While the Election Day turnout for in person votes may be less for the GOP this year than in 2022, it was so overwhelming (2:1 ratio of Republicans to Democrats), that they have far more flexibility and less certainty in how low it will go compared to Democrats’ mail ballot numbers. One major caveat is that your humble prognosticator has been told that Clark County has a bunch of mail ballots that they haven’t.
Additionally, the Democrats have in the past been able to raise their registration numbers starting in the late Summer and early Fall before an election due to the work of the Harry Reid Machine. Not only have they not done that, but Republicans are continuing to gain with the registration advantage of the Democrats falling below 10K voters. This helps down ballot races.
Trump will likely win by <1%, but the opposite result is almost as strong as a possibility. Vegas odds, so as to speak, give Trump 3:2 odds in his favor. Unfortunately for the Republicans, their Senate candidate has been a dud, with a campaign centered around being a wounded Veteran… and nothing else.

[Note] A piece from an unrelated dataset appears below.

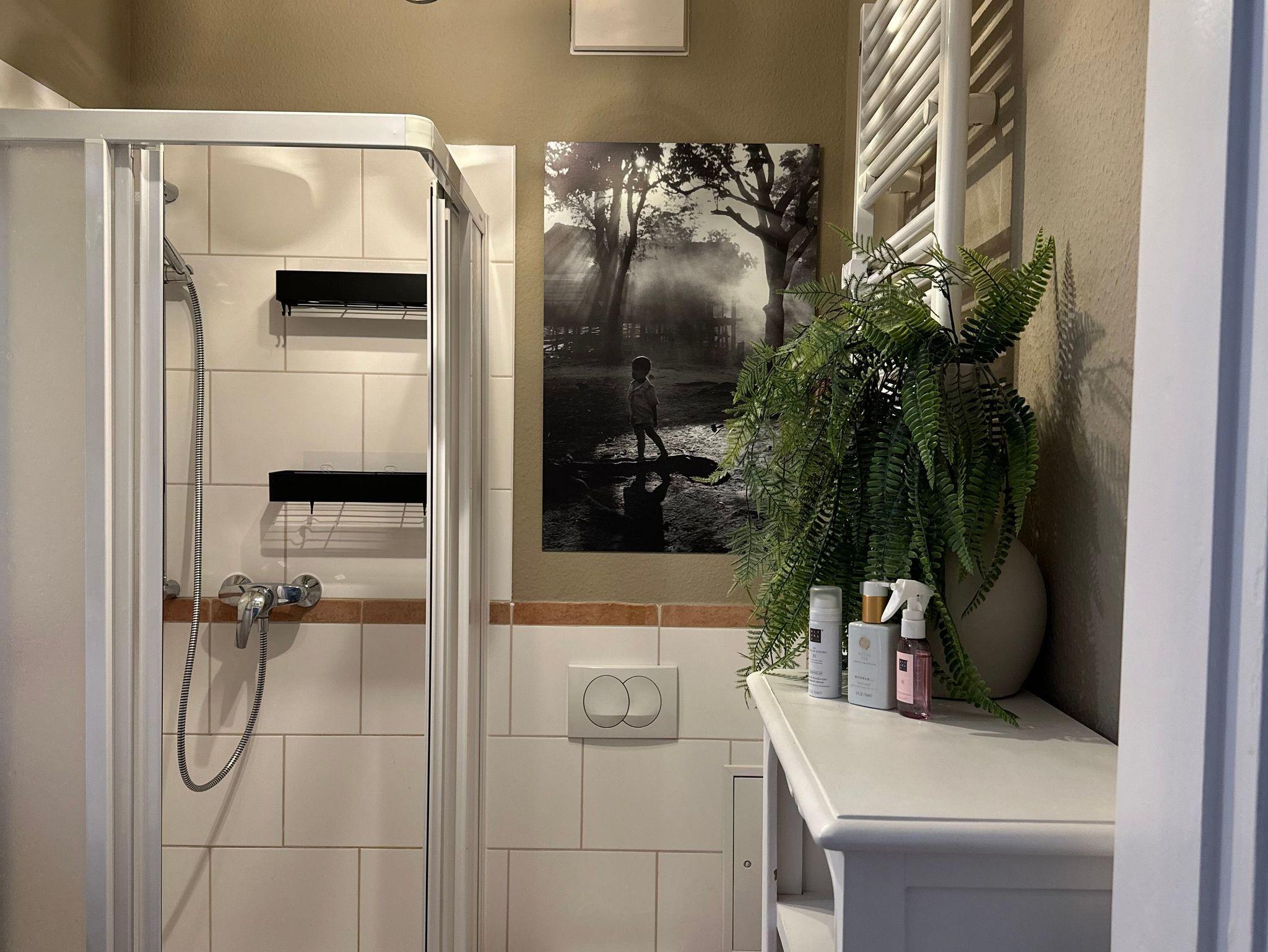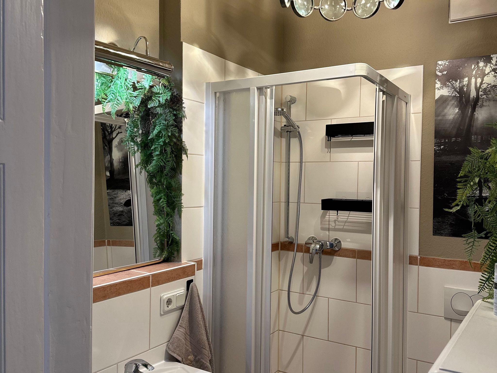Erfrischung: Ein modernes Badezimmer mit Dusche/WC.

The GOP has an even chance at picking up a Congressional seat, but picking up another or even all three will only happen if there is a GOP blowout.
On the state level, narrowing registrations combined with already narrow Democratic wins in the Assembly in 2022 will help the GOP. Of the four swing seats, the GOP will retain one of the two it now holds (redistricting will likely doom a seat in Washoe county), and a pick up or two in Clark County. This will not only prevent a Democratic supermajority in this election, but prevent one in 2026 due to the Democrats already holding all three of those swing seats up that year. In the Assembly, the Republicans should be able to pick up four seat, give or take a seat. In Clark County, after narrowly losing a Clark County Commission seat in both 2020 and 2022, they have better than even odds of picking up a seat in the West of the Vegas Valley. And all these predictions assume that the Republicans don’t win over nonpartisan voters big-time.
Dark Horse Picks
Here, I will present three picks for dark horse candidates/outcomes, where I don’t think they will win, but wouldn’t be totally shocked if they were to win.
¯\_ (ツ)_/¯
In all honesty, the only real “Dark Horse” prediction is if there is a strong break in the vote one way or another. This is more likely on the individual state level than nationwide, but something unexpected seems like the only real expectation here.
Conclusion
In a race to the bottom, the Democrats have the marginal edge. Victory for the Republican, or for the Democrats if they somehow manage to win, will be short lived. In a race to be second worst, you cease to become second worst then the prior worst is no longer a threat.